Taking a Leadership Role

About two years ago, I got involved in an organization called the People’s Parity Project. PPP brings together both law students and newly minted attorneys interested in legal advocacy to prioritize building a more just system. This year, I co-founded a PPP chapter at Fordham, as well as organizing for state and federal judiciary reform alongside other law students and lawyers around the country. During my time at Fordham, among my other commitments, I’ve also externed with the New York Civil Liberties Union’s voting rights team under Adjunct Professor Perry Grossman, where I was investigating potential vote dilution in school board elections on Long Island.

I also worked with the Center for Popular Democracy’s immigration unit, doing research on the 2020 census and ICE collaboration with local police. I am on track to graduate in 2022 but will be finishing my degree part-time. That’s because in January, I’ll be starting a new job with New York City Council Member Erik Bottcher (District 3), as the office’s legislative and budget director. My work so far has focused on advocating from the outside. Now, I’m excited about being able to see how the full system works.
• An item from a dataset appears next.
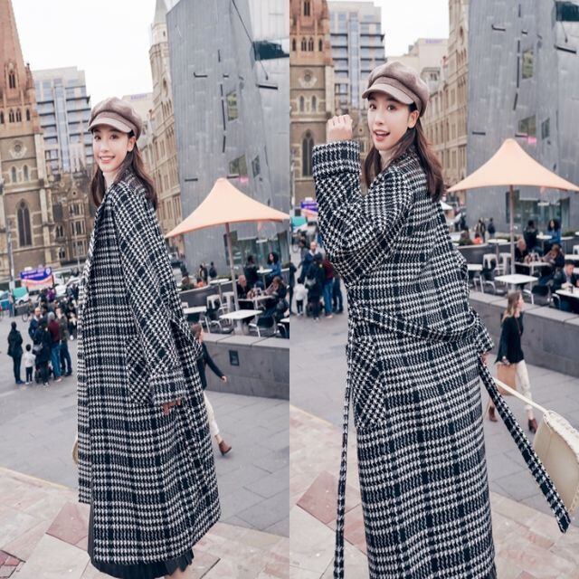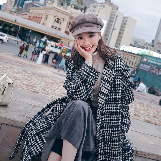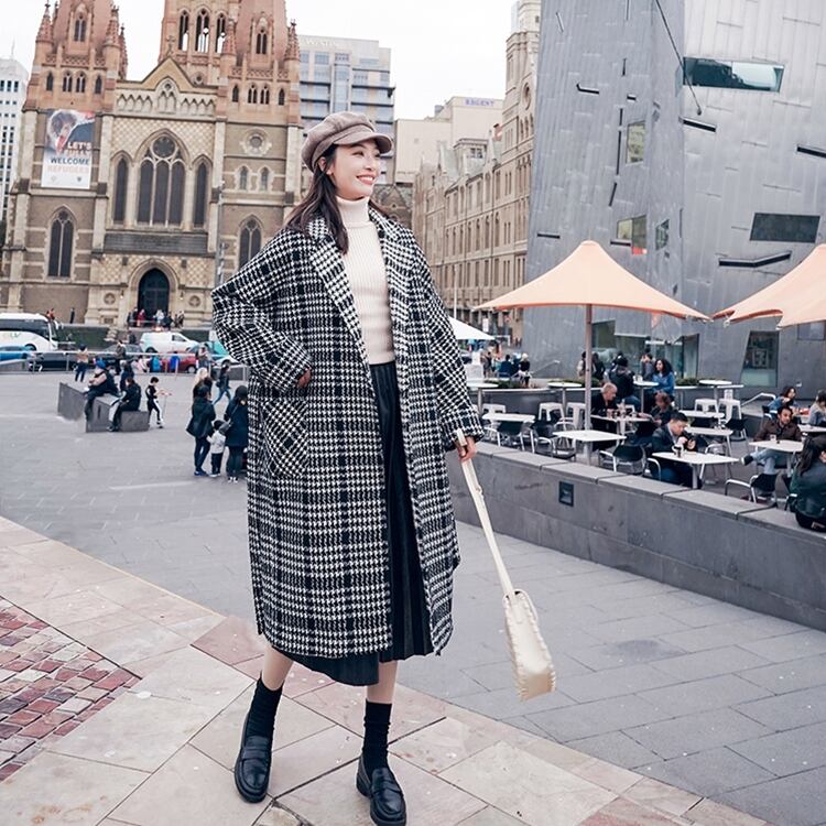 【予約販売】チェスターコート レディース コート 千鳥格子柄 ロング丈 大人可愛い モノトーン きれいめ ウエストマーク 秋冬 アウター こなれ感 S/M/L

Aswini “Winn” Periyasamy doing aerial dance
Aswini “Winn” Periyasamy doing aerial dance

Opening Doors for Others

I am committed to creating opportunities for other people. My parents came here from India, and I saw the challenges they faced. A lawyer I consider a close mentor says that if a door opens and you can get through, you bring someone else with you. Then you figure out how to keep the door open, so you can keep bringing folks with you. And when they ask, “What can I do for you?” tell them, “Go unlock the side door.”

The point is, when opportunities open up, we can’t leave anyone else behind. I have had so much good fortune in my life. I want to make sure those doors stay open for others for as long as I can.

High-wire Act

With all these commitments, it’s not always practical to take a step back. But I do spend as much time as I can with friends and loved ones. The more I can be in my community and in conversation, the more perspective I get. Besides that, I watch a lot of movies with my dad through video chats and try to get in time doing aerial dance, including trapeze, silks, and hoop. Aerial is very physical. And while it seems scary, it opens up parts of my brain I don’t normally use. I get to turn off the analytical side and be more in tune with the moment. That’s important, because doing public interest work is a marathon, not a sprint. I know I may never see my ultimate goals come to fruition in my lifetime. In the meantime, we have to take care of ourselves and each other.